▸ **What to do**: When you reach the line containing "Aerial view of" in the records below, start copying exactly, and stop once you have copied the line containing "Kadın Göğüs Ve".

▸ **Records for this exercise**:

═══

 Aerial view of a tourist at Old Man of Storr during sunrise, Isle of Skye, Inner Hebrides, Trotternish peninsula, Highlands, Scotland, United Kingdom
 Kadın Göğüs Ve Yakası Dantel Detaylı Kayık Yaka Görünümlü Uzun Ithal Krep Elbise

═══

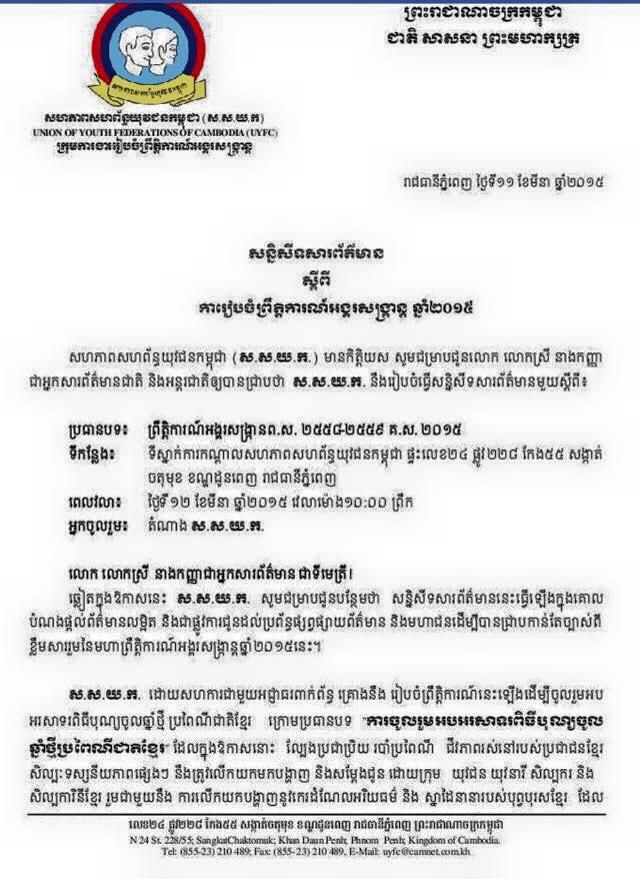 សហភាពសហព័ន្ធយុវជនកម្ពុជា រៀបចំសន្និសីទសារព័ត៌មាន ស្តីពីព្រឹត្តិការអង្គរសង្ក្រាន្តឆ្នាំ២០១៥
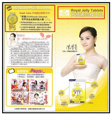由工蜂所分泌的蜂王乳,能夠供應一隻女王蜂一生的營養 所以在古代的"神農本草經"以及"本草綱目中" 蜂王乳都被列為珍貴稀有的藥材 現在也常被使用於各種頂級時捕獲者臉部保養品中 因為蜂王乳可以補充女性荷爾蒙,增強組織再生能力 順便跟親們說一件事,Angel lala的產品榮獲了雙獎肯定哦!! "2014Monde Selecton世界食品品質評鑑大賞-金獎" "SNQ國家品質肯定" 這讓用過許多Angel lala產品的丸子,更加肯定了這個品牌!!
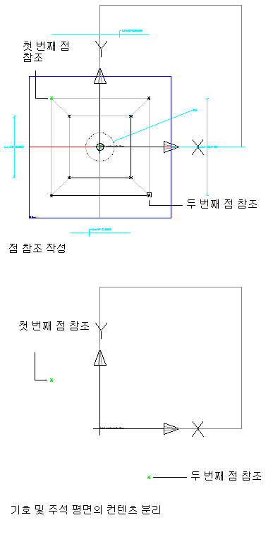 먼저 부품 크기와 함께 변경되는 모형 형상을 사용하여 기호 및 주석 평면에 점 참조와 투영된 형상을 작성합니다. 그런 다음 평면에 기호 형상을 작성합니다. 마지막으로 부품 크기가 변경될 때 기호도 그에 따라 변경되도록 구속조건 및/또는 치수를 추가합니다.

═══

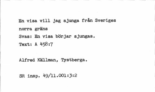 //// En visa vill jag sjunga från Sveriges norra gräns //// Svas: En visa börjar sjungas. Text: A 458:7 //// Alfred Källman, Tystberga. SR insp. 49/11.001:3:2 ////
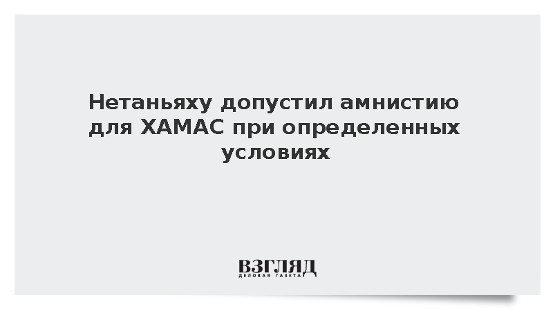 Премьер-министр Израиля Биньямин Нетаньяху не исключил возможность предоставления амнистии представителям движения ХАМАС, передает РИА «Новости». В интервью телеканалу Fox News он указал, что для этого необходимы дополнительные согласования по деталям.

═══

▸ **Answer box**:
 Aerial view of a tourist at Old Man of Storr during sunrise, Isle of Skye, Inner Hebrides, Trotternish peninsula, Highlands, Scotland, United Kingdom
 Kadın Göğüs Ve Yakası Dantel Detaylı Kayık Yaka Görünümlü Uzun Ithal Krep Elbise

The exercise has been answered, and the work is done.